Which model is better?


In [None]:
from sklearn.model_selection import cross_val_score
from sklearn.tree import DecisionTreeClassifier
from sklearn.ensemble import RandomForestClassifier
from xgboost import XGBClassifier

# Create a list of models
models = [DecisionTreeClassifier(), RandomForestClassifier(), XGBClassifier()]

best_model = None
best_score = 0

# Iterate through the models
for model in models:
    # Train and evaluate the model using cross-validation
    scores = cross_val_score(model, X, y, cv=5)  # Perform 5-fold cross-validation
    mean_score = scores.mean()  # Calculate the mean score

    # Keep track of the best model
    if mean_score > best_score:
        best_score = mean_score
        best_model = model

# The best model is now stored in the best_model variable
print("The best model is: ", best_model)

How did it worked in the code?\
The for loop in the model selection task went through a list of machine learning models: Decision Tree, Random Forest, and XGBoost.
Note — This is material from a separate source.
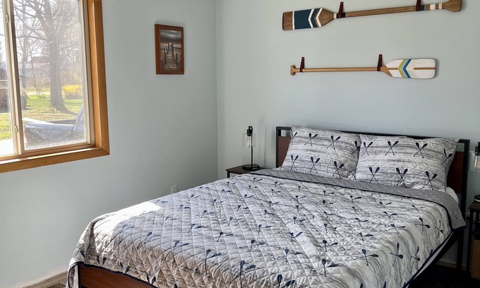 Our house is located in the center of the beautiful Canadian Lakes, feet away from its own water access and dock. Open concept living space with a full kitchen and dining area with lots of natural light. 2 bedrooms and 2 full bathrooms on the main floor and a loft space that houses an additional 4 full size daybeds. The deck on the back of the home over looks the spacious backyard. Fire pit, kayaks, and yard games on site available for use. Minutes from restaurants and golf courses. The house is walking distance from the local beach

For each model, it did the following:
- Trained the model: Used training data (X_train, y_train) from train_test_split to train the current model.
- Evaluated the model: After training, assessed the model's performance using test data (X_test, y_test) from train_test_split. Calculated metrics like accuracy, precision, recall, and F1 score.
- Comparison: Compared the current model's performance with the best model so far. If the current model did better, it became the new best model.
- Final selection: At the loop's end, chose the model with the best performance based on evaluation metrics as the best model for the task.

## To Sumup


To enhance the model's performance, one can consider the following steps, firstly, engage in Feature Engineering by creating new features or transforming existing ones to better represent data relationships. Secondly, perform Hyperparameter Tuning by adjusting parameters like the maximum depth of the tree, minimum samples per leaf, or the splitting criterion to find the optimal configuration for the data. Additionally, explore Model Selection by evaluating alternative machine learning models such as random forests, gradient boosting, or linear models to determine if a different approach may better capture data relationships. Finally, ensure proper Data Preprocessing, including handling missing values, scaling features, and encoding categorical variables. These steps collectively aim to improve the model's effectiveness in learning from the data and making accurate predictions.